As I stood there, these thoughts swirling through my head, it came to me that I had never seen Gen’s house. All my other friends – Jian, Zhen, Wang Fan and Al Lam – had lived in modest accommodation much like my own family. But Gen’s place wasn’t even an apartment. It was a house. And it was something else! It was already dark by the time I found it; with difficulty, I pushed open a gate which must have weighed more than I did. Then I followed a path up to the residence, its walls backlit by orange lights flickering in the gloom.

Eventually I arrived at the house itself. It was a single-storey property, the main section like a large head with broad shoulders, the surrounding wings like an arm on either side – a whole person in repose, stretching out. When I knocked at the door, it was solid and expensive: a perfectly finished black surface overlaying rich oak hardness. My knuckles thrummed but my hand barely made a sound.

I was about to try again when the door opened. In my mind’s eye I half expected a butler in a suit, a kind of awkward, stiff, comical creation, excessively formal, like the guy who worked for Bruce Wayne in the American Batman comic series, but instead I was confronted by a shiny-faced woman with dark, fluttering eyes. I knew straight away she was Gen’s mother. She was young-looking. She had softer features than Gen, but the eyes were the same, and she had the same thin lips. It threw me off balance for a few moments, for they were different and yet the resemblance was uncanny; it is strange to see someone you know looking out from the features of someone you have never met.

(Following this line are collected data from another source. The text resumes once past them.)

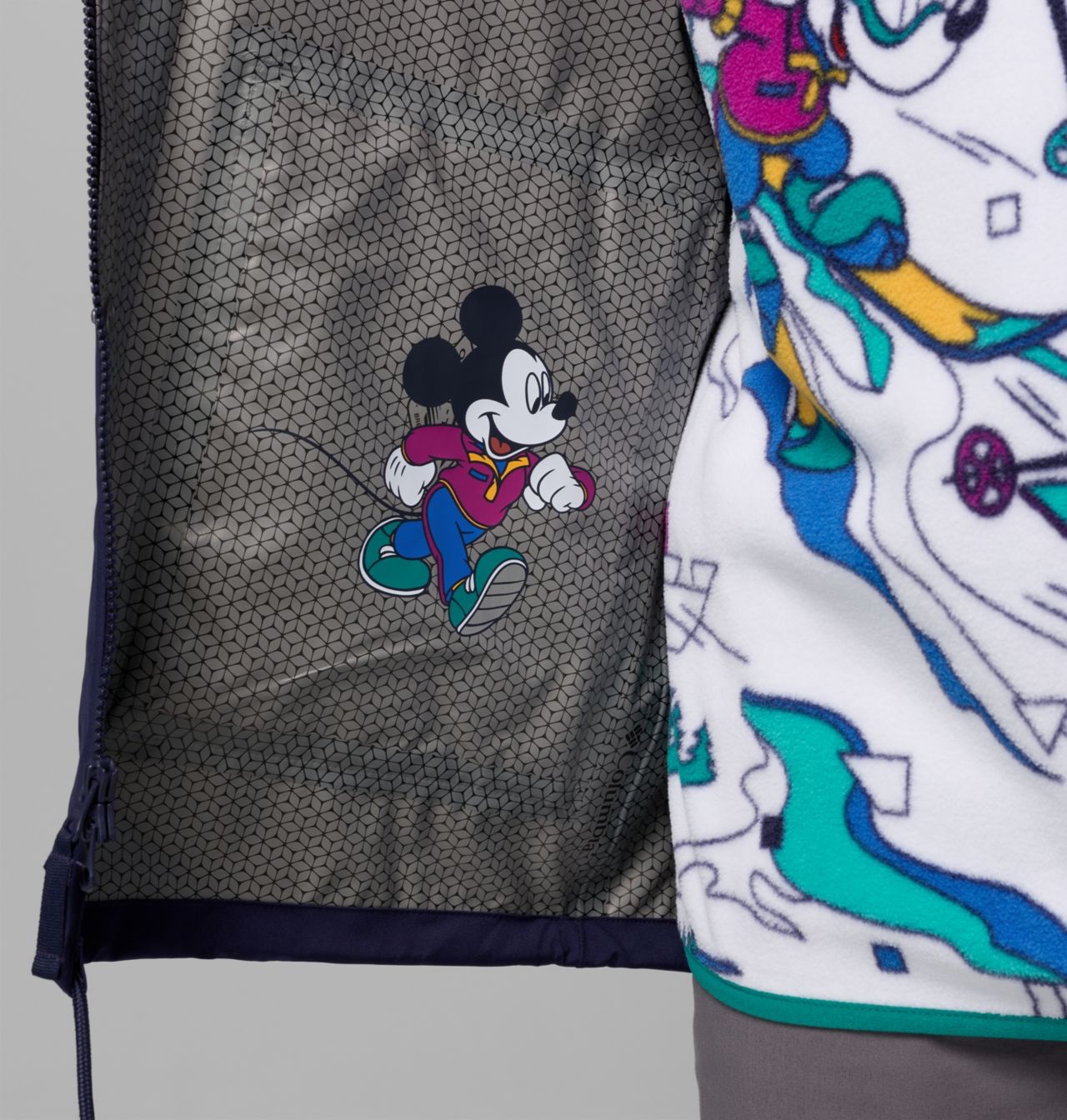 - Feel peak winter comfort in this special-edition fleece with ‘90s-inspired prints featuring Disney’s Mickey & Friends on a dream ski vacation. With binding on the cuffs and hem, cold stays out and warmth stays in. The women’s style is a cropped pullover with an adjustable toggle hem. All styles feature a zippered chest pocket with a convenient pull tab to secure valuables.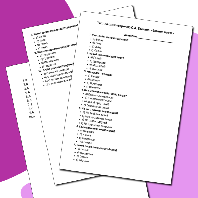 Вопросы с а есенина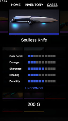 Unbox and collect the unique weapons and knives with different power and gear score.
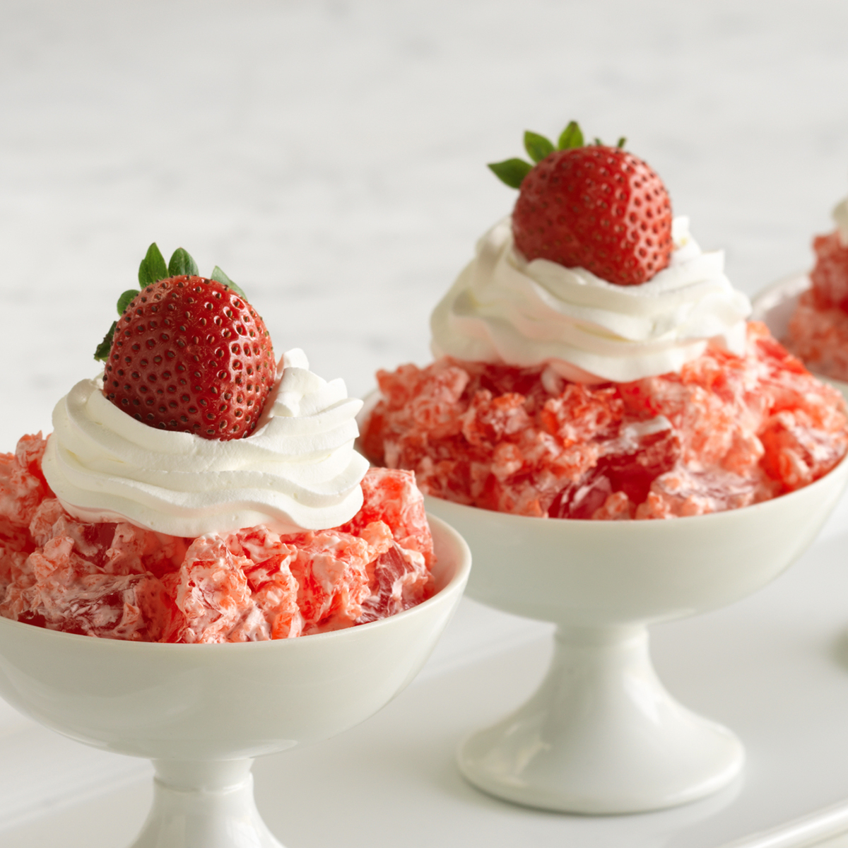 Creamy, rich whipped topping blended with gelatin cubes for a refreshing dessert that can be served on its own or with strawberries on top.

But the physical resemblance was where it ended. Whereas Gen’s face was always sombre and serious, almost as though it had considered carefully in advance what expression to wear, this woman’s face was lively, almost hypertensive; her eyes flickered and shone with a barely suppressed animation.

‘So happy you have arrived. You must be Gen’s friend. Welcome to our home. Please come in. May I take your jacket?’

She fluttered and flustered around me, a warm, gentle but incessant breeze, and before I knew it she had removed my outer layer of clothing and floated me through a shadowy hallway into a dining room illuminated with gentle light. I could smell duck pancakes and pork dumplings (if my nose wasn’t deceiving me, and as a hungry teenager it rarely did). Gen’s mother hustled me to a seat at the same moment Gen stepped into the room. It was a further shock to see him out of his school uniform. He was wearing a loose-sleeved blue shirt and a pair of dark trousers, and his thick black hair had been tossed to one side. He looked almost relaxed. I remember thinking it suited him.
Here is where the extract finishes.